[ExI] unanimous decision, was: RE: An old skeleton tumbles out of the list closet

spike spike66 at att.net
Thu Nov 15 01:34:24 UTC 2012


>...From: Kevin Cadmus [mailto:kcadmus at gmail.com] 
Sent: Wednesday, November 14, 2012 3:34 PM
To: ExI chat list
Subject: Re: [ExI] unanimous decision, was: RE: An old skeleton tumbles out
of the list closet

>...A bit of math leads me to think the result is not so unbelievable at
all:

>...67000 votes in 1687 divisions gives approximate 40 voters per average
division

>...Let's say that 500 of the 1687 divisions are essentially racially
homogeneous, namely 100% African American.

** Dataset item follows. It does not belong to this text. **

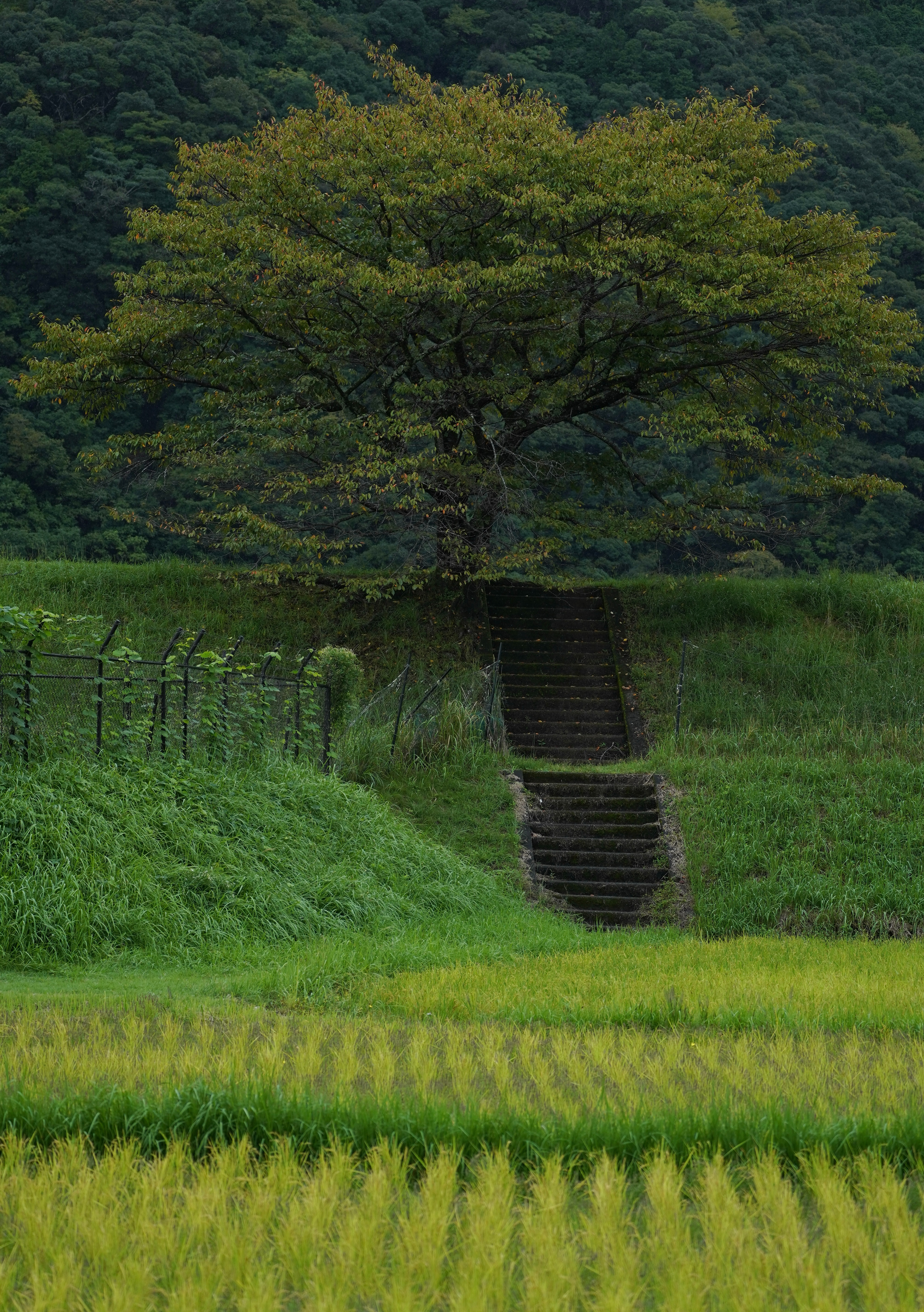 历史可追溯自古坟时代的本宫大社原本座落在三川相交的平地“大斋原”,1889年一场大洪水冲毁旧社,幸存的四座神殿迁至位于山腰的现址。2000年原址上建起一座高达三十多米的石头鸟居,远远望去便能看到它立在一片金黄稻田上、青色群峰间;想象当年朝圣者在山道跋涉,忽至开阔处,望见山脚平原上河川环绕的广阔社境与神殿,想必心潮澎湃。走到大鸟居跟前,庞然大物几乎令人目眩,石柱越过背后不知几百岁的古树。野草围绕着残存的两座石基,除此以外空空荡荡,只有十几颗樱树,绿叶将将开始变黄。稻田旁河堤上立着一棵大樱树,繁茂枝叶撑开一把巨大的绿伞,仿佛要飞向前方云雾缭绕的青山。两人在河堤上走了很久,说要春天再回来这里。

>...Let's say that we might expect 95% of voters in these 500 divisions to
be Obama voters.

>...Taking 0.95 to the 40th power should give the probability that all 40
voters in one of these 500 districts would vote for for Obama.

>...But 0.95 to the 40th power is 0.1285.

>...So wouldn't you expect approximately 500 * 0.1285 districts to be
unanimous?

-Kevin


There were 19,605 votes in 59 unanimous divisions, so best case for the null
hypothesis (no funny business with the voting machines) is to average: about
330 voters per division.  Kevin, let us assume your numbers, 95% of the
voters in those divisions to be Obama voters.  (0.95)^330 = 4e-8.  So we
would expect about 0.04 parts per million probability that there would be a
unanimous vote in any given division in such a case.  We are told that
5,596,499 votes were cast in Pennsylvania, so using the above numbers,
that's 17,000 voting divisions, so we would expect about 0.00067 unanimous
divisions, rather than the 59 seen, or about 88,000 times higher than we
would expect.  That's the best case.  If we change the distribution of those
19,605 votes over the 59 unanimous divisions, the probability of their all
coming out unanimous goes down from there.

But the critical question is if the number of Johnson and Stein (et.al)
votes in those zero-Romney divisions also went to zero.  If so, then the
error rate in those divisions is also zero, shaming those Florida voters
from 2000 who claimed errors when they accidentally voted for the wrong guy.
Pennsylvania voters don't make mistakes apparently, but Florida voters do,
enough to actually tip an entire election.  

Or alternatively, can we find any divisions in which the Romney vote was
zero but the other candidates were non-zero?  Is there anywhere we can find
that info?  Or is that info intentionally held from the public?